Some Russian analysts believe that there are divisions within the ruling elite, partly based on policy prescriptions but mostly rooted in interest groups and their control over key resources. Piontkovsky concludes that there is a distinction between the “globalist kleptocrats” and the “nationalist kleptocrats.”23 Although both are anti-Western and seek to restore Russia’s power and global reach, the nationalist kleptocrats favor more isolation from Western influences and include the country’s military chiefs. The globalist kleptocrats, on the other hand, invariably possess property and bank accounts in foreign countries and even while they berate the West, they staunchly oppose national isolation.

Russia may also become increasingly susceptible to ethnic nationalism, especially as the Muslim population continues to grow, economic uncertainties continue, and the influx of workers from Central Asia, and from China to Siberia and the Far Eastern provinces, accelerates ethnic tensions.
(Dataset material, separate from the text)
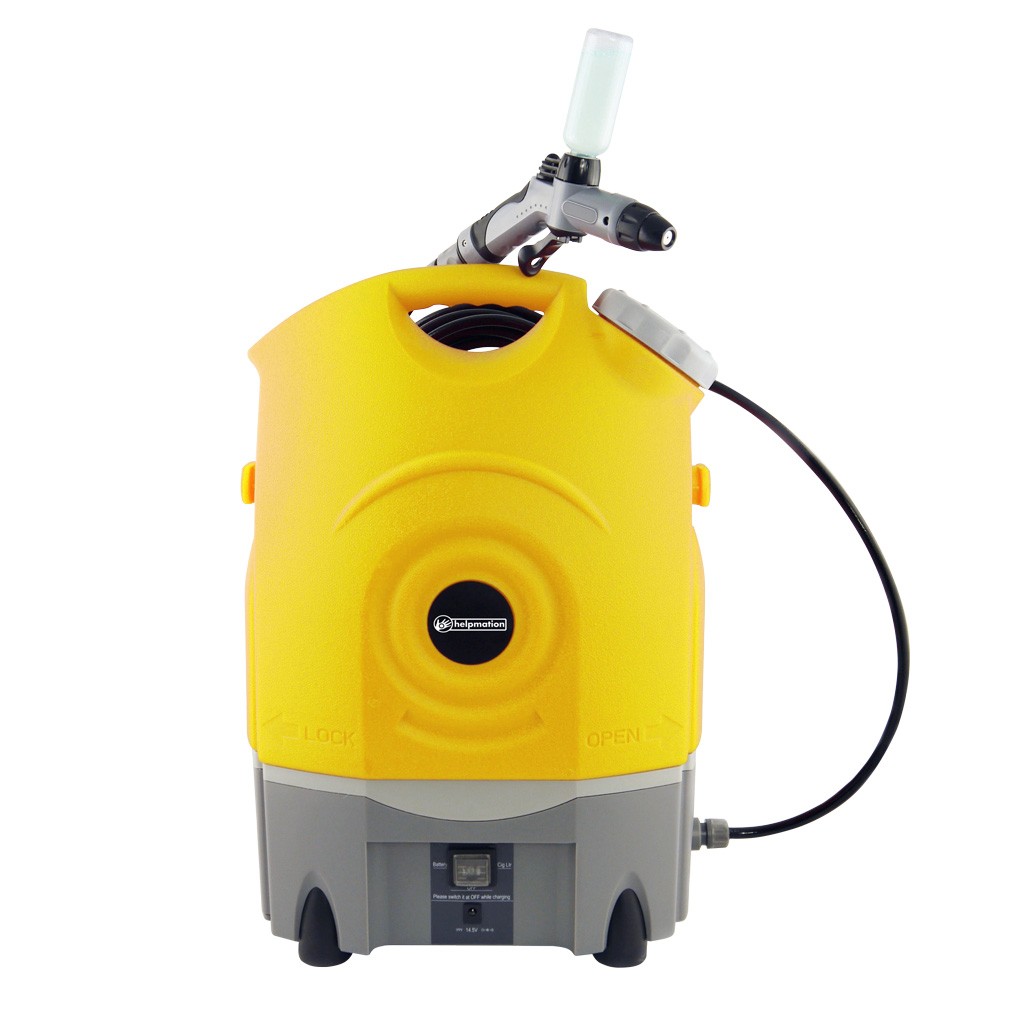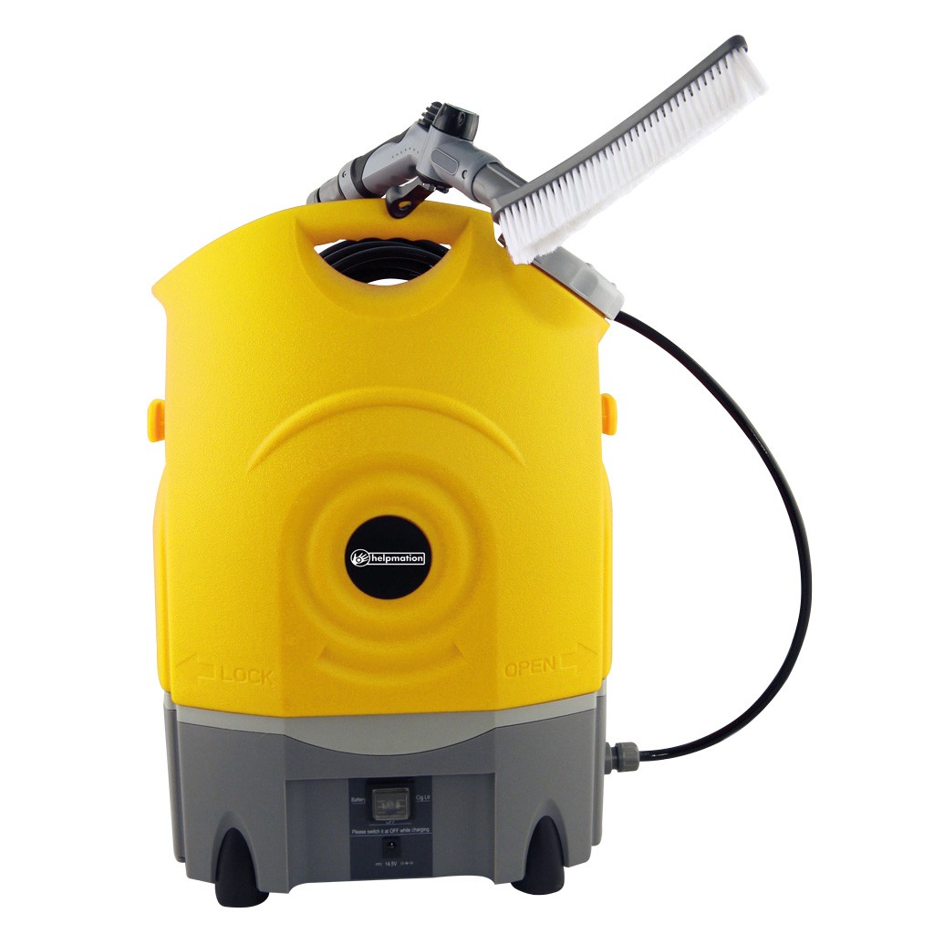 Nádrž má objem 17 litrov a môžete ju naplniť studenou alebo horúcou vodou až 60 ° C. Pomocné kolieska a popruh cez rameno uľahčujú manipuláciu a prenášanie. Súčasťou balenia je tlaková pištoľ s reguláciou prúdu vody a zásobníkom na saponát, špeciálne kefu a sprchová hlavica. Prenosná umývačka Helpmation je ľahká, kompaktná a pracuje nezávisle na zdroji elektriny a nepotrebuje hadicu s prívodom vody. Používať ju môžete na batériu alebo zapojenú do zásuvky autozapaľovača. Helpmation ponúka svojim užívateľom úplnú nezávislosť umývanie kedykoľvek a kdekoľvek potrebujú.

Russia’s nationalist backlash could be supported by various interest groups or used by the Kremlin to mobilize public support. As a declining power, Russia may become even more threatening – or even desperate – during its potential devolution, as it will seek to prevent and disguise its deterioration by projecting strength, extracting maximum advantages from the weakness of neighbors, and promoting the commensurate decline of other major powers, competitors, and adversaries.

The August 2008 invasion and partition of Georgia indicates that the disintegration of the Soviet Union may actually be continuing as “the end of the USSR’s existence as a formal and legal entity is not the same thing as the historical disintegration of the ‘Kremlin empire.’”24 Moscow has established a new precedent in former Soviet territories by recognizing South Ossetia and Abkhazia as independent states as this can be used to justify and legitimize the gradual partition of other former Soviet republics, as well as of certain republics within Russia itself.

There is a rising danger of separatism and territorial partition within the Russian Federation, especially in the North Caucasus but also in the Volga republics and several eastern territories.25 In the Caucasus, Chechnya, Ingushetia, and Dagestan remain the most important flashpoints, as insurgent groups are spreading and launching violent attacks against local leaders appointed by Moscow. Inter-ethnic and clan conflicts are growing amidst local nationalisms and pan-regional religious radicalism where republican borders are not recognized. The region is also racked by corrupt and abusive governance, high rates of unemployment, widespread poverty, and the breakdown of the social infrastructure. In the midst of a spreading economic crisis, this is a heady mix of problems that federal authorities may not be able to contain. The addition of South Ossetia and Abkhazia, which are fully dependent on Russia economically and militarily, will further deplete federal resources and contribute to instability inside Russia.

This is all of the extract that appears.